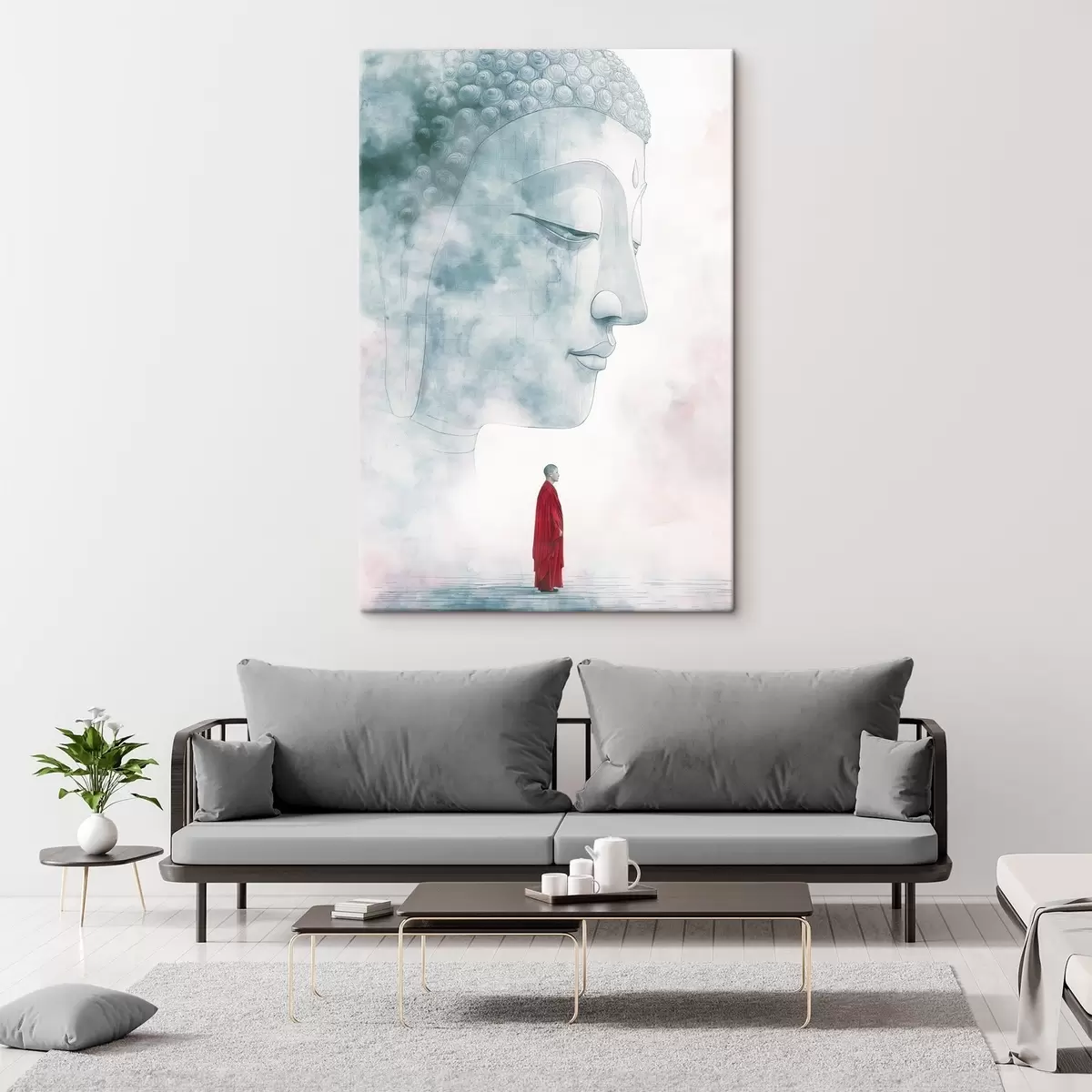 Wandbilder Buddhistischer Mönch in roter Robe, Buddha-Silhouette, Aquarellstil Art. s44006
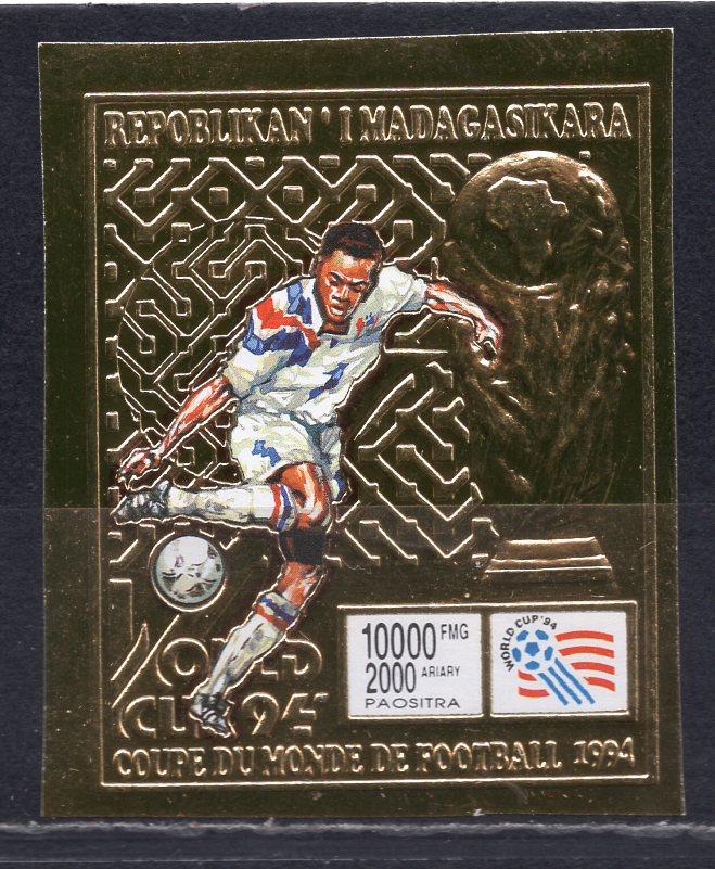 Почтовые марки. Мадагаскар, 1994г. Футбол. №1683В. Фольга. Золото. Безз
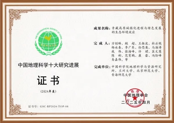 由方创琳研究员牵头,鲍超、王振波、杜云艳、杨永春、李广东、孙思奥、马海涛、戚伟、张海峰、许珺、匡文慧、陈彬、范育鹏、康蕾、冯险峰、易嘉伟等共同合作完成的“青藏高原城镇化进程与绿色发展的生态环境效应”成果获得2024年度中国地理科学十大研究进展。本成果在科技部第二次青藏高原综合科学考察项目和中国科学院先导专项课题资助下,系统解析了青藏高原城镇化的特殊性与时空演变分异规律,定量测度了青藏高原城镇化对生态环境的影响,采用多模型算法计算了基于资源与生态环境约束的青藏高原城镇化承载阈值约2620万人,提出了捍卫国家安全屏障的青藏高原“梳状”固边型城镇体系建设方案,为协调地球第三极城镇化与生态环境关系、保护亚洲水塔及绿色发展提供了重要科技支撑。出版《青藏高原城镇化绿色发展地图集》(中国地图出版社,2024)、《青藏高原城镇化进程与绿色发展》(科学出版社,2024)、《青藏高原城镇化及生态环境效应》(科学出版社,2023)、《青藏高原人类活动的数字足迹及挖掘》(科学出版社、2023)等专著。
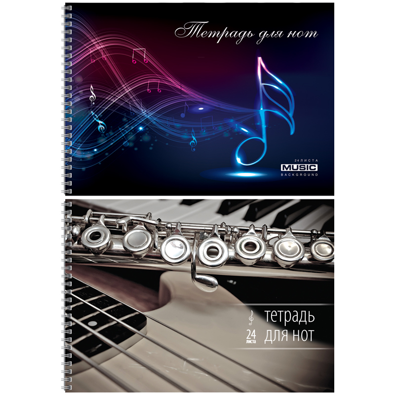 Тетрадь для нот 24л., А4, гребень мелов "Яркие аккорды" (гориз.) в ассортименте (4диз.), BG 6956 Вопросы по товару
---
Task description:
Print the material above word for word, first line through the line with "Почтовые марки. Мадагаскар, 1994г.", and leave every picture out.

Answer to this task:
 Wandbilder Buddhistischer Mönch in roter Robe, Buddha-Silhouette, Aquarellstil Art. s44006
 Почтовые марки. Мадагаскар, 1994г. Футбол. №1683В. Фольга. Золото. Безз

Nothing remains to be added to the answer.